Lembro-me bem de quando o Jornal Nacional, no dia 19 de abril de 2005, falou sobre o conclave que elegeu o então cardeal Joseph Ratzinger à Cátedra de Pedro. Na ocasião, os jornalistas referiam-se a ele como “o papa teólogo”, talvez com medo de insinuarem que Ratzinger, no fundo, era um grande intelectual.
Bento XVI foi mais do que o “papa teólogo”. Detentor de uma profunda vida intelectual, falava sete idiomas e era um exímio pianista. Foi membro associado da Académie des Sciences Morales et Politiques do Institut de France. Recebeu inúmeros doutorados Honoris causa e viveu com profundidade os desafios de seu tempo e combateu heresias contemporâneas como a Teologia da Libertação.

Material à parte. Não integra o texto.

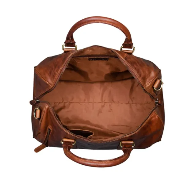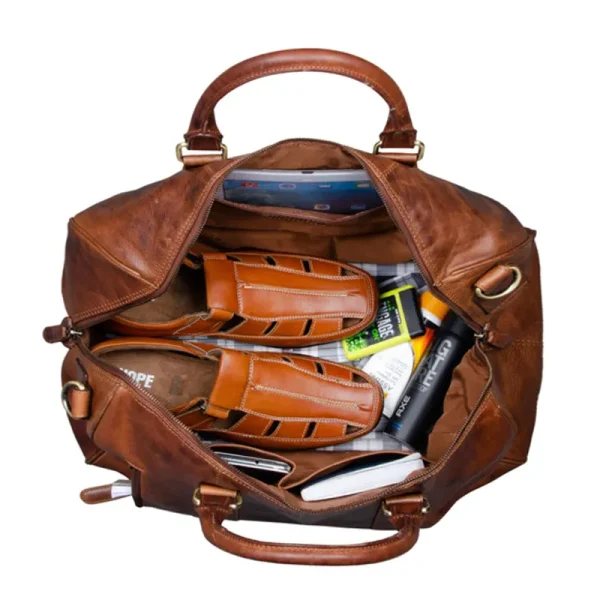 Heritage Leather Weekender Duffel Bag with spacious interior and sturdy handles.

Ainda em 1984, enquanto era prefeito da Congregação para a Doutrina da Fé, antigo Tribunal da Santa Inquisição, advertiu, em uma instrução escrita por ele e aprovada pelo então papa João Paulo II, contra os “perigos de desvio, prejudiciais à fé e à vida cristã, inerentes a certas formas da teologia da libertação que usam, de maneira insuficientemente crítica, conceitos assumidos de diversas correntes do pensamento marxista”.

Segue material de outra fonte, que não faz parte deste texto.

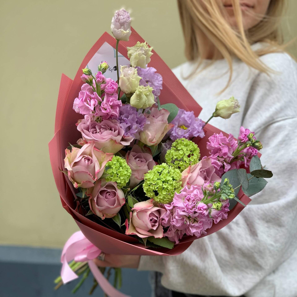 Цветы: Роза, Маттиола, Эустома, Вибурнум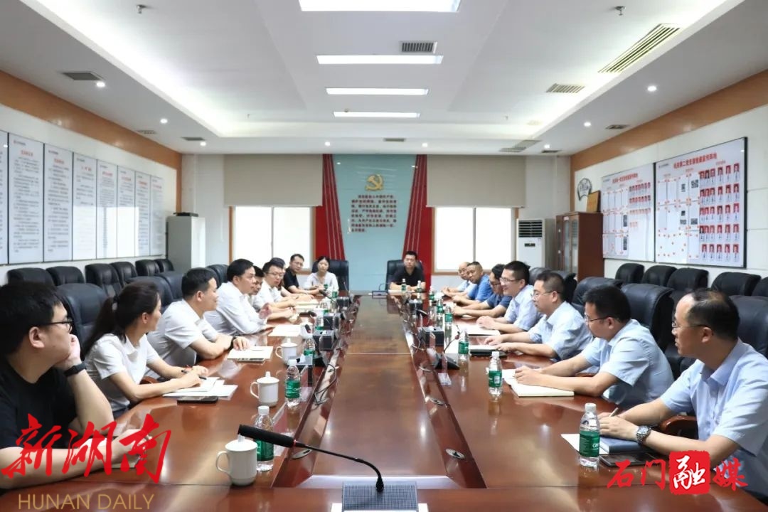 新石门客户端6月19日讯 6月13日 湖南省联合产权交易所有限公司总经理鲍礼彬、省财信资产管理有限公司湘北分公司总经理符国伟、省农村产权交易有限公司常德地区总经理陈德元一行8人莅临石门农商银行,就深化合作进行交流座谈。石门县大地测绘服务有限公司、县农村产权交易平台建设负责人受邀参加会议。

Em 2004, quando ainda era cardeal, travou em Munique, na Alemanha, o famoso debate com pensador da Escola de Frankfurt, Jüngen Habermas, sobre temas como pressupostos do Direito, formas de poder, Estado democrático, fé e razão, posteriormente transformados no célebre livro Dialética da Secularização.
Neste encontro, o futuro papa Bento XVI colocou no topo de seu texto o título O que mantêm o mundo unido, refletindo contra a razão prática do pensamento secular pós-metafísico de Habermas, e tratando da realidade do ser humano como criatura e filho de Deus, este, pois, anterior então à comunidade em que vive e se aperfeiçoa. Um pensamento de matriz aristotélico-tomista em sua raiz.

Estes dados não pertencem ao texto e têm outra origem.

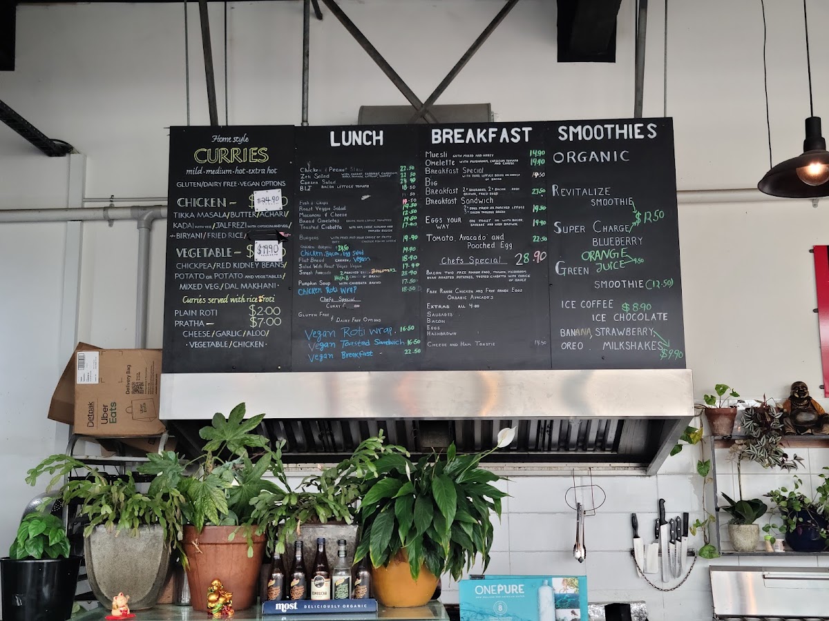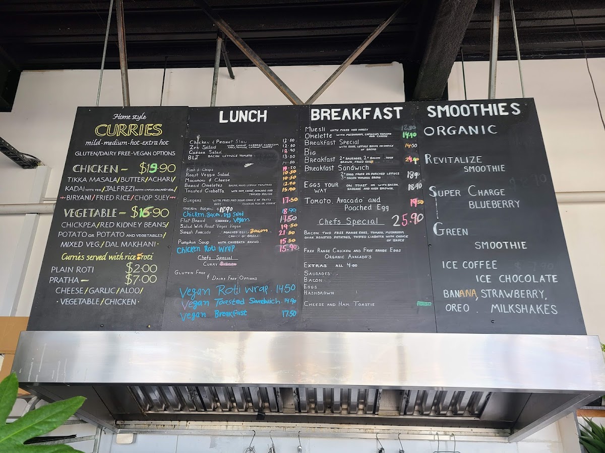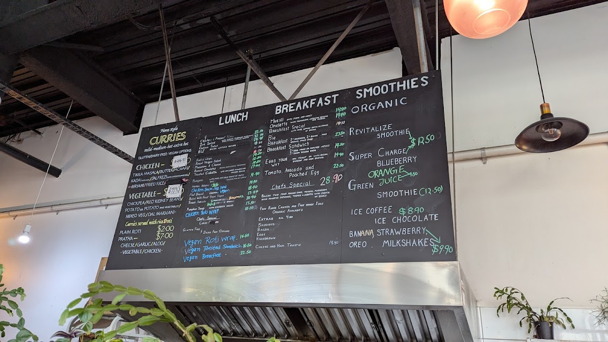 If you're craving something spicy, their Curries include classic favorites like Potato and Chickpea, Chicken Tikka Masala, Mixed Vegetable, and Butter Chicken, each packed with rich, authentic flavors. For a refreshing beverage, choose from a variety of cold drinks, including Pure NZ Water, freshly squeezed Orange Juice, or soft drinks, alongside Flat White and other organic beverages.

Antes, porém, quando alguns ainda criticavam a encíclica Fides et Ratio, de 1998, de São João Paulo II, a qual tratava de Santo Tomás de Aquino e a conciliação entre fé e a razão, “as duas asas as quais o homem eleva-se à contemplação da verdade”, Ratzinger se dispôs a debater sobre a verdade da religião cristã contra os marxistas ateus. Tanto era verdade que na revista italiana de esquerda MicroMega, na edição de 2000, Ratzinger foi citado como a “quintessência da ortodoxia católica”.
Na época, o cardeal alemão debateu com o filósofo ateu Paolo Flores d`Arcais sobre as fronteiras das crenças no Teatro Quirino de Roma, transmitido para quase duas mil pessoas que não conseguiram adentrar o recinto para ver o debate. Na ocasião, Ratzinger disse que “Se examinarmos a história da Igreja, nela se manifesta, de forma permanente, a fraqueza humana, e o paradoxo da Igreja é que, apesar de todas estas carências, o Evangelho vive e continua presente”.
Bento XVI morreu no dia 31 de dezembro, dia da Memória de São Silvestre, papa, cuja luta deu-se contra heresias de seu tempo contra o donatismo e o arianismo que causavam graves danos ao povo cristão. Bento XVI lutou também, mesmo escondido em seus últimos anos, em oração, contra as heresias de seu tempo. Mesmo fraco de saúde, apesar de toda a carência física que o debilitara desde 2013, seu legado permanecerá vivo e presente.
Lucas Daniel Tomáz de Aquino é tradutor e professor de Filosofia.